Linear Transformations
Linear transformations describe the mapping of vectors and matrices that maintain the operations of addition and scalar multiplication. They are linked closely with matrices, which can be viewed as tools for performing these transformations.
  • Understanding Transformations: A transformation is linear if it satisfies the following for vectors \( \mathbf{u} \) and \( \mathbf{v} \), and scalar \( c \): \[ T(\mathbf{u} + \mathbf{v}) = T(\mathbf{u}) + T(\mathbf{v}) \] and \[ T(c\mathbf{u}) = cT(\mathbf{u}) \]
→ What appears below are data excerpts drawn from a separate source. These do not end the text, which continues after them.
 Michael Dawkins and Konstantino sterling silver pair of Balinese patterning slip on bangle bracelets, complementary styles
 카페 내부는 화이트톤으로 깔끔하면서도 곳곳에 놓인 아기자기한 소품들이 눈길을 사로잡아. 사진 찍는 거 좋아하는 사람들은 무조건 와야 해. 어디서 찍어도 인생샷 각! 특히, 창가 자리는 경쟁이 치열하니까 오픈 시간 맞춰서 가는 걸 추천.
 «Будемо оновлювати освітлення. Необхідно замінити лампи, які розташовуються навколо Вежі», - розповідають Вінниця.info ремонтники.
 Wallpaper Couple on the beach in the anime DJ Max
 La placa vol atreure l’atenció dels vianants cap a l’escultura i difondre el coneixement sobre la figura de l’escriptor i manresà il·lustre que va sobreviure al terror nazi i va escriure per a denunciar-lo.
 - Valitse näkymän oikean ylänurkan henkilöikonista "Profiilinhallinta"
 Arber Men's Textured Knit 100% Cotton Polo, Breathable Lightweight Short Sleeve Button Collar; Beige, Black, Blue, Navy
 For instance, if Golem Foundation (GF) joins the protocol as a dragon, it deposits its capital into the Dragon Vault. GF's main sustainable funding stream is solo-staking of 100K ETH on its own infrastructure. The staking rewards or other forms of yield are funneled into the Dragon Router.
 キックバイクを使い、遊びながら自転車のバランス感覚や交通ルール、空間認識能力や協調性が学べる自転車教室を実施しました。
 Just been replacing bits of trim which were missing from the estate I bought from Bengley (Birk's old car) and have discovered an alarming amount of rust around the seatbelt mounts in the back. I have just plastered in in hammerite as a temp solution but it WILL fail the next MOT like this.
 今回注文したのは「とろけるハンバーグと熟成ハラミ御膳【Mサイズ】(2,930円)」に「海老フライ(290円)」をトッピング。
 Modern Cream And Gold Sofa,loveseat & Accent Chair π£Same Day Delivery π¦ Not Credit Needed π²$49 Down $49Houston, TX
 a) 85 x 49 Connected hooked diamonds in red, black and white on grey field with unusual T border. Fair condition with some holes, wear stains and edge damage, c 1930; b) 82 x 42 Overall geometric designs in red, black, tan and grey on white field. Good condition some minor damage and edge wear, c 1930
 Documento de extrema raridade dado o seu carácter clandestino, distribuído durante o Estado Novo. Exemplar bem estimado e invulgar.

  • Role of Eigenvectors: Eigenvectors and eigenvalues simplify the understanding of these transformations by showing how a transformation can stretch or compress space along certain directions (eigenvectors) uniformly (eigenvalues).
This concept of linear transformations is fundamental in understanding how and why different phenomena occur, especially in fields like machine learning and quantum mechanics, where these transformations underpin algorithms and theories.